Notes on the Front

Commentary on Irish Political Economy by Michael Taft, researcher for SIPTU

Quick Notes on the CSO’s Employment Numbers – Some Commentators Should Look Harder

Relief throughout the nation – employment rising, joblessness falling; the new CSO release should give us something to cheer about.  Some quick notes on what the numbers are telling us:

Employment has risen by 58,000 – or 3.2 percent.  This is good but puzzling – how does this square with an economy that is still stagnating?

Agriculture employment – an area where the CSO has warned we should tread carefully – has risen by 25,000, or 29.4 percent.  Self-employment (without paid employees) rose by 28,400 or 14.4 percent.   This makes up a substantial amount of the employment rise.  Does this skewer the overall results?  Some say no – the overall figure of a 58,000 increase stands, it’s just a problem in the distribution of gains in different economic sectors (e.g. agriculture, industry, retail, etc.).  

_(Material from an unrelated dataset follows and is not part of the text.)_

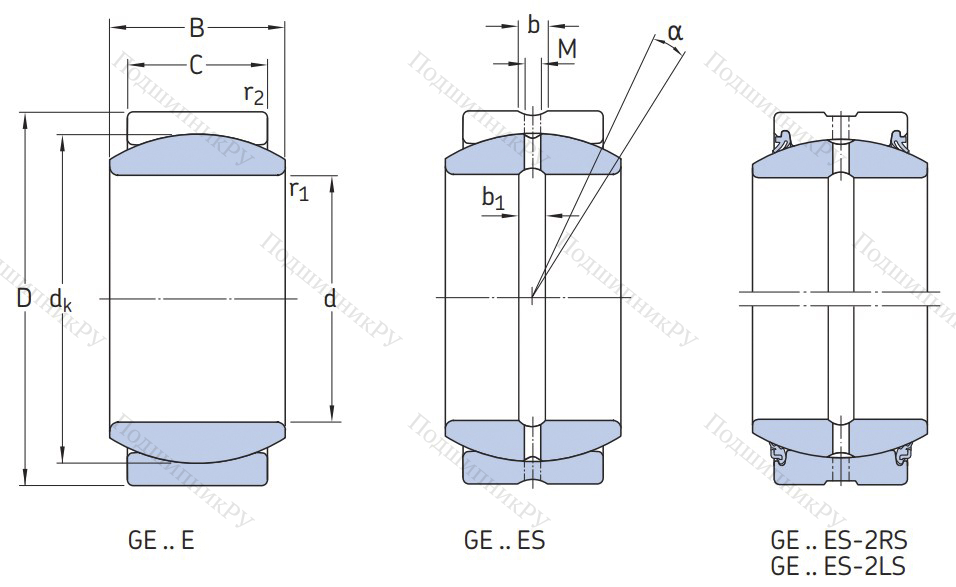 Шарнирный подшипник GE 15 ES 2RS конструкция которого представлена внешним кольцом, внутри вращается внутренняя обойма. Существуют прямые, шарнирные (самовыравнивающиеся), угловые, гидравлические, двойные шарикоподшипниковые и роликоподшипниковые варианты исполнения. Отдельные разновидности изделий (с парой трения «сталь – сталь») нуждаются в обслуживании и имеют каналы для подачи смазки, в то время как другие не нуждаются в ТО. В первом случает система включает в себя пару стальных шин, обработанную предварительно фосфатами и дисульфитом молибдена. Необслуживаемые модели покрываются политетрафторэтиленом, армируются медью и дополнительно усиливаются хромом.

This may be so.  However, the CSO Quarterly National Household Survey registers an increase in the number of employees at 27,200, or 1.8 percent.  The CSO’s Earning and Labour Costs, also released yesterday, showed a similar number of non-agriculture employees rising by 21,900 or 1.4 percent (the Earnings and Labour Costs only measures firms with three employees or more which may account for the small difference).  So the CSO’s warnings seem valid – agriculture and self-employment numbers are artificially inflating the job numbers.

Nonetheless, the rise in employees is the biggest since the crisis started.  What were the biggest growth categories?  The Hospitality sector grew by 15,900 – or 72 percent of the total increase.    This is the lowest paid, lowest value-added sector of the market economy.   Other categories to gain were manufacturing and professional & scientific – which provides some balance.  Only 3 out of the remaining categories (12) saw employment increases.  So the employment rise is not spread out.

Big question:  is this increase the bounce after years of recession?  How much higher will this bounce go?  And when will it settle down?  The Government and the ESRI predict that the rise in employment will be lower in 2014 than this year.  Again, this may be due to the statistical bump the CSO has warned about this year.

Unemployment has thankfully fallen – by 18,000.  But to what extent is this due to the rise in the number of employees and the number of people emigrating?  We should expect more than 60,000 people emigrating this year in the key age category of 15-24 years.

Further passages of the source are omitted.